Given material ▸
★ ★ ★
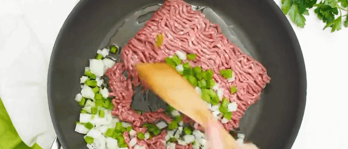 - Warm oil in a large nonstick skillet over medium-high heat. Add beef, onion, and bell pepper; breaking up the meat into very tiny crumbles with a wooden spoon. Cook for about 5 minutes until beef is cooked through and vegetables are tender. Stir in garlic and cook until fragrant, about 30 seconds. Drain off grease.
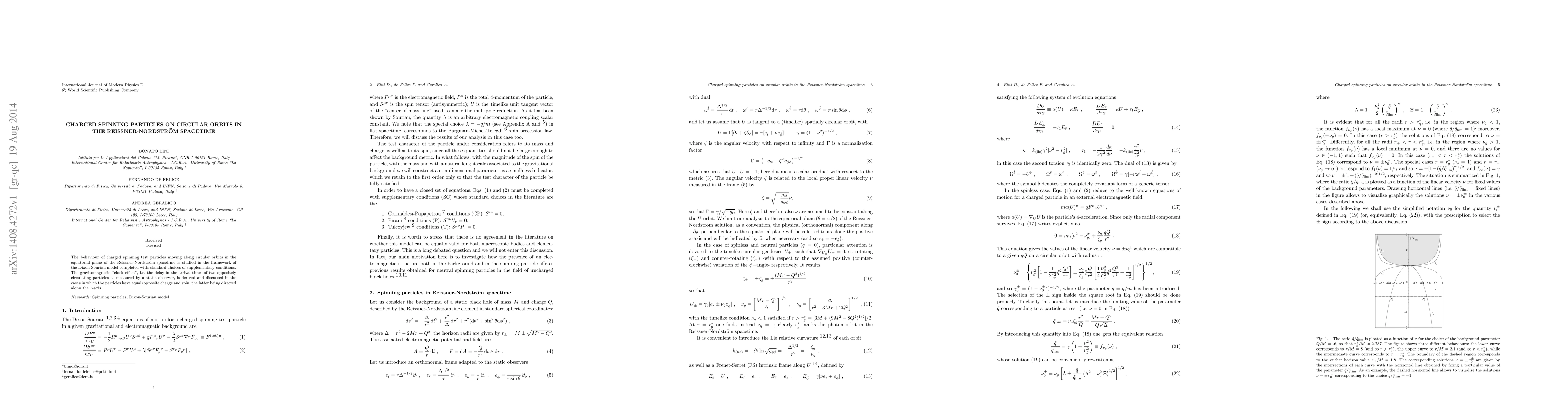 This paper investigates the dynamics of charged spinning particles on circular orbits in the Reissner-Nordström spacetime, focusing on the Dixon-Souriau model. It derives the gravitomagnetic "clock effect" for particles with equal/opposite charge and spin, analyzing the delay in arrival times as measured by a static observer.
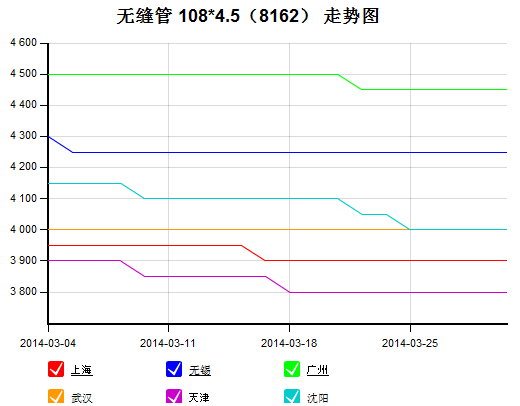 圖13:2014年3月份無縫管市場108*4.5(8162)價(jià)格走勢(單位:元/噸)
★ ★ ★
Task requirements ▸
With images left out, the data must be transcribed exactly.

Response ▸
 - Warm oil in a large nonstick skillet over medium-high heat. Add beef, onion, and bell pepper; breaking up the meat into very tiny crumbles with a wooden spoon. Cook for about 5 minutes until beef is cooked through and vegetables are tender. Stir in garlic and cook until fragrant, about 30 seconds. Drain off grease.
 This paper investigates the dynamics of charged spinning particles on circular orbits in the Reissner-Nordström spacetime, focusing on the Dixon-Souriau model. It derives the gravitomagnetic "clock effect" for particles with equal/opposite charge and spin, analyzing the delay in arrival times as measured by a static observer.
 圖13:2014年3月份無縫管市場108*4.5(8162)價(jià)格走勢(單位:元/噸)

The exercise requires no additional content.